### PROBLEM REQUIREMENTS
In the entries below, repeat only the lines between those holding "Pantalón de denim, fit" and "并且,可以由 LocalPartitionNode 来按需改变每个", inclusive. Leave pictures out.

### EXERCISE MATERIALS
—————

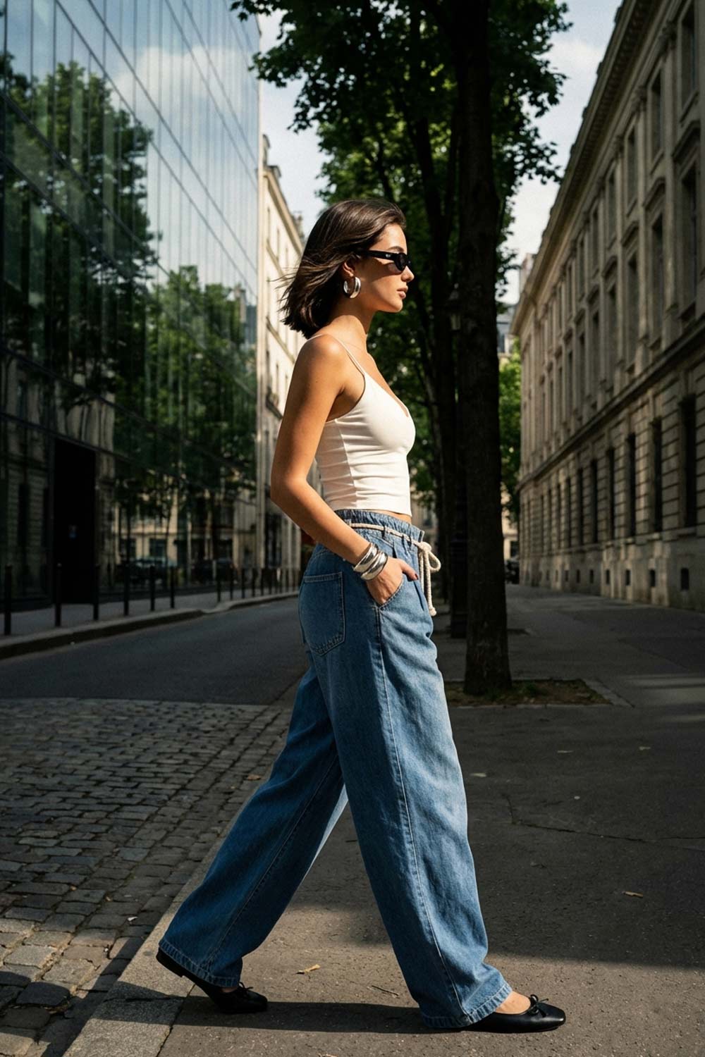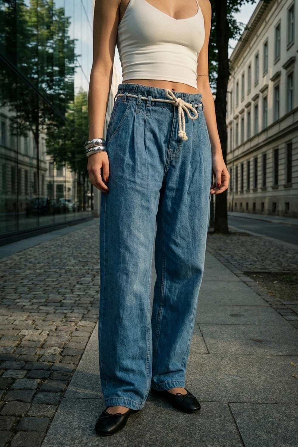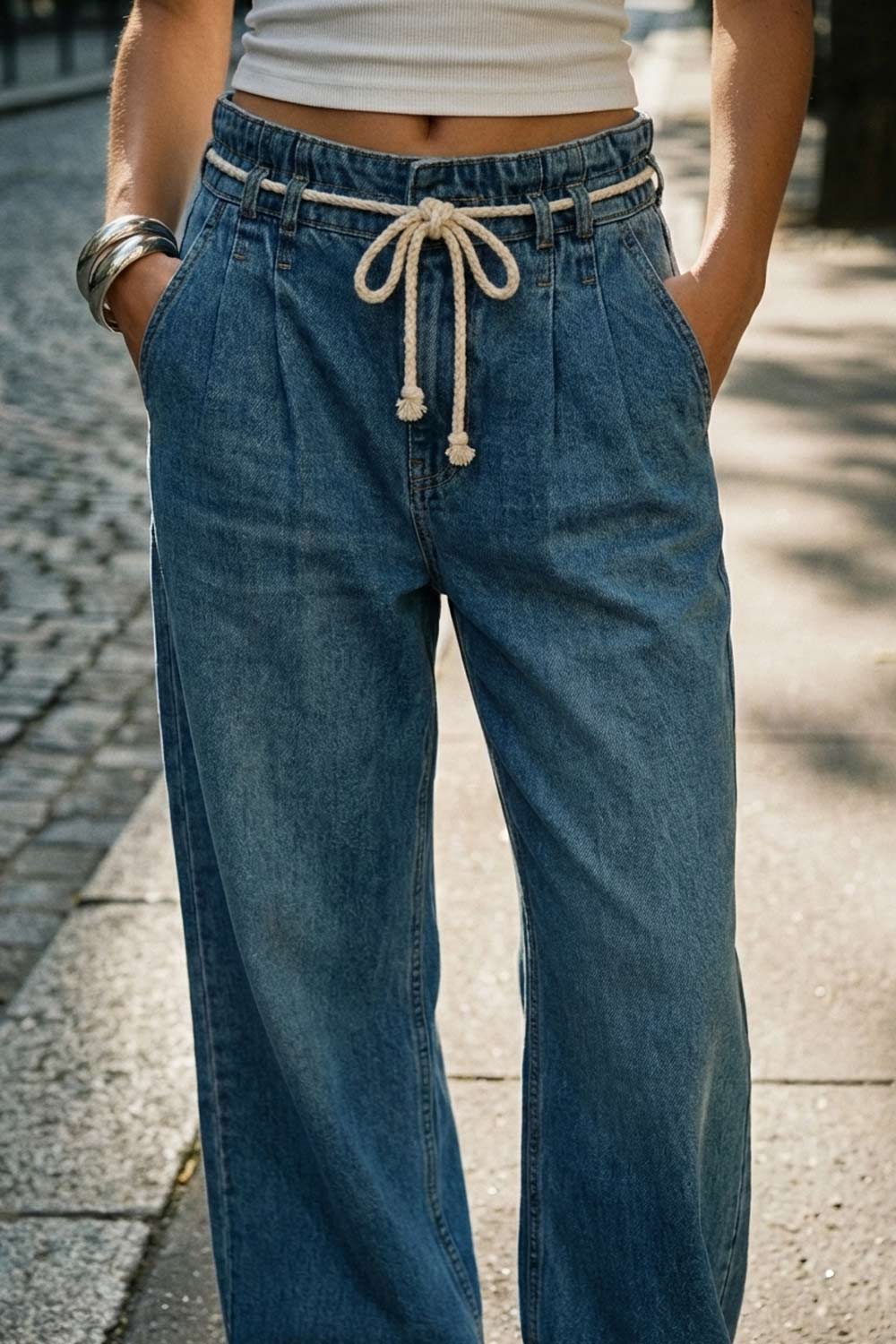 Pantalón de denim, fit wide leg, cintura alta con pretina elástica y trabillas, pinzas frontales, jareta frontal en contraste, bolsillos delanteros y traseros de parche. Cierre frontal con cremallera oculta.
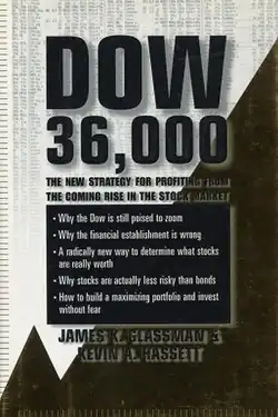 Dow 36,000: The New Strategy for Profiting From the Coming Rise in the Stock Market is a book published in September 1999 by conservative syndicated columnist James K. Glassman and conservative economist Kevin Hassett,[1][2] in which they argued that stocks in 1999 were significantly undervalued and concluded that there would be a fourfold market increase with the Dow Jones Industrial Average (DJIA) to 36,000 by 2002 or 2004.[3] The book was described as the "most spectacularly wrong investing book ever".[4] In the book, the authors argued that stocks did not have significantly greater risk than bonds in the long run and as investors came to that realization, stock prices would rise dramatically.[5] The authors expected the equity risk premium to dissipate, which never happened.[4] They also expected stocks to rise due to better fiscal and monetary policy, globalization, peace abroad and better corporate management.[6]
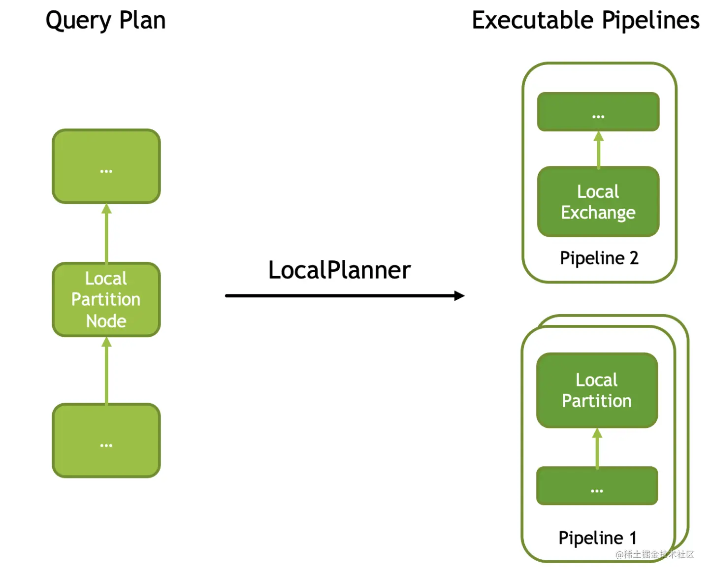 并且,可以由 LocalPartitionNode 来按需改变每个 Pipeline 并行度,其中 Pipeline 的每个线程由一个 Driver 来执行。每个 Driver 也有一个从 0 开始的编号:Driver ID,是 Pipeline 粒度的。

—————

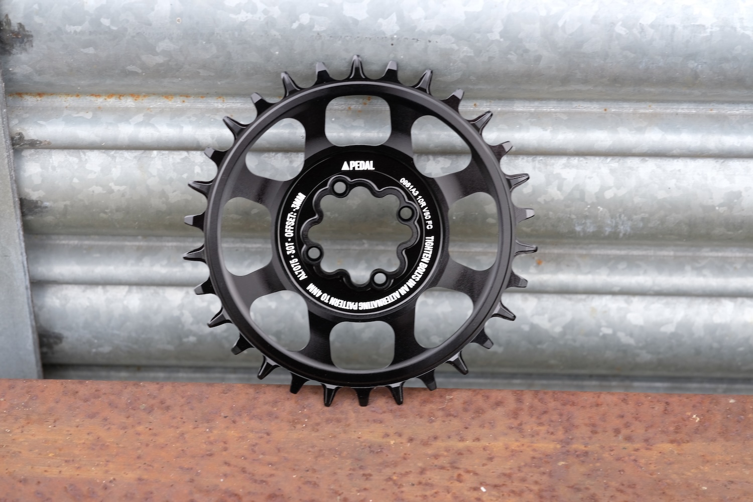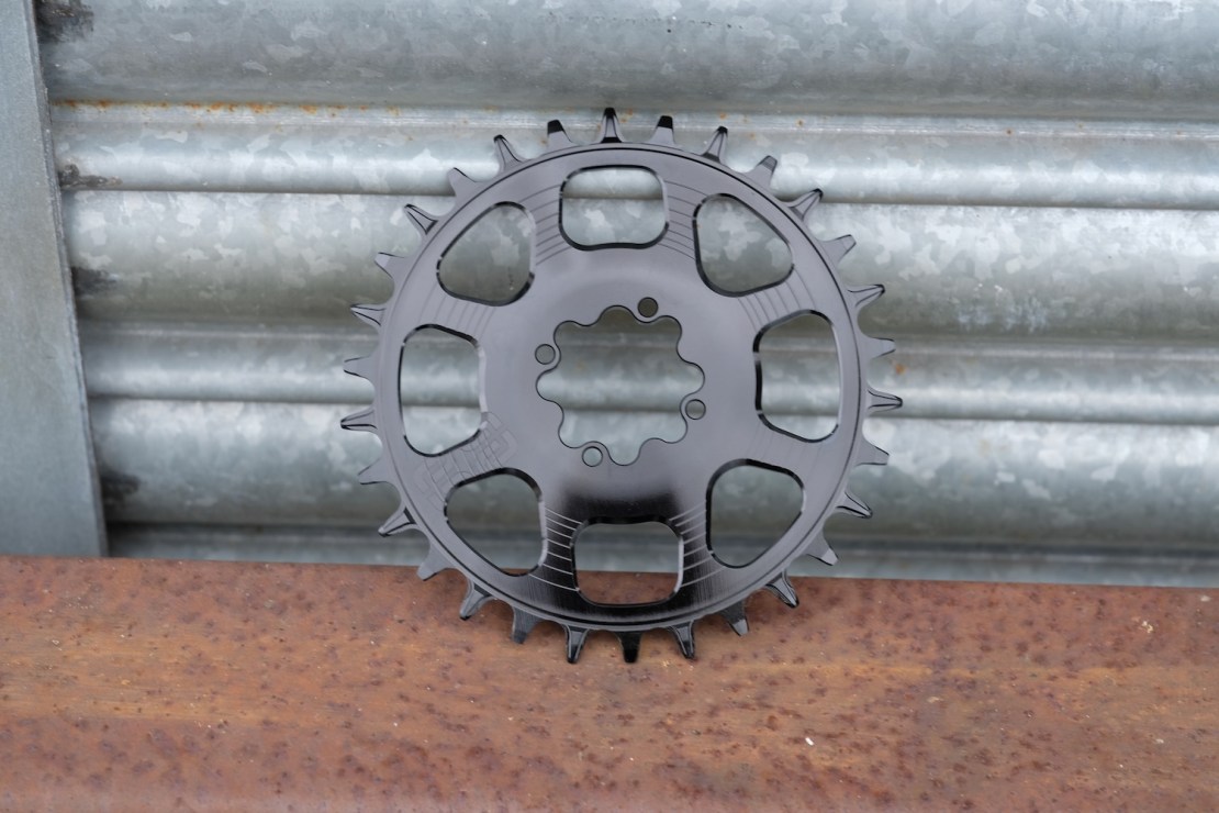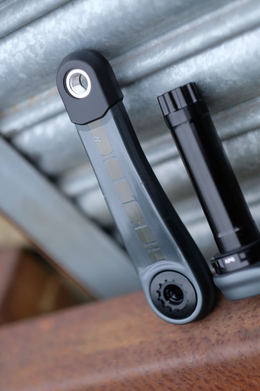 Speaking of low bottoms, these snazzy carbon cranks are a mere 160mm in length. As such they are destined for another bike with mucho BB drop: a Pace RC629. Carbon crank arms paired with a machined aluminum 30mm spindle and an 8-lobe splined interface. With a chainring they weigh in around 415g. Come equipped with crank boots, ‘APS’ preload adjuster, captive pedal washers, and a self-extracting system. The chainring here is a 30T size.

—————

### PROBLEM SOLUTION
 Pantalón de denim, fit wide leg, cintura alta con pretina elástica y trabillas, pinzas frontales, jareta frontal en contraste, bolsillos delanteros y traseros de parche. Cierre frontal con cremallera oculta.
 Dow 36,000: The New Strategy for Profiting From the Coming Rise in the Stock Market is a book published in September 1999 by conservative syndicated columnist James K. Glassman and conservative economist Kevin Hassett,[1][2] in which they argued that stocks in 1999 were significantly undervalued and concluded that there would be a fourfold market increase with the Dow Jones Industrial Average (DJIA) to 36,000 by 2002 or 2004.[3] The book was described as the "most spectacularly wrong investing book ever".[4] In the book, the authors argued that stocks did not have significantly greater risk than bonds in the long run and as investors came to that realization, stock prices would rise dramatically.[5] The authors expected the equity risk premium to dissipate, which never happened.[4] They also expected stocks to rise due to better fiscal and monetary policy, globalization, peace abroad and better corporate management.[6]
 并且,可以由 LocalPartitionNode 来按需改变每个 Pipeline 并行度,其中 Pipeline 的每个线程由一个 Driver 来执行。每个 Driver 也有一个从 0 开始的编号:Driver ID,是 Pipeline 粒度的。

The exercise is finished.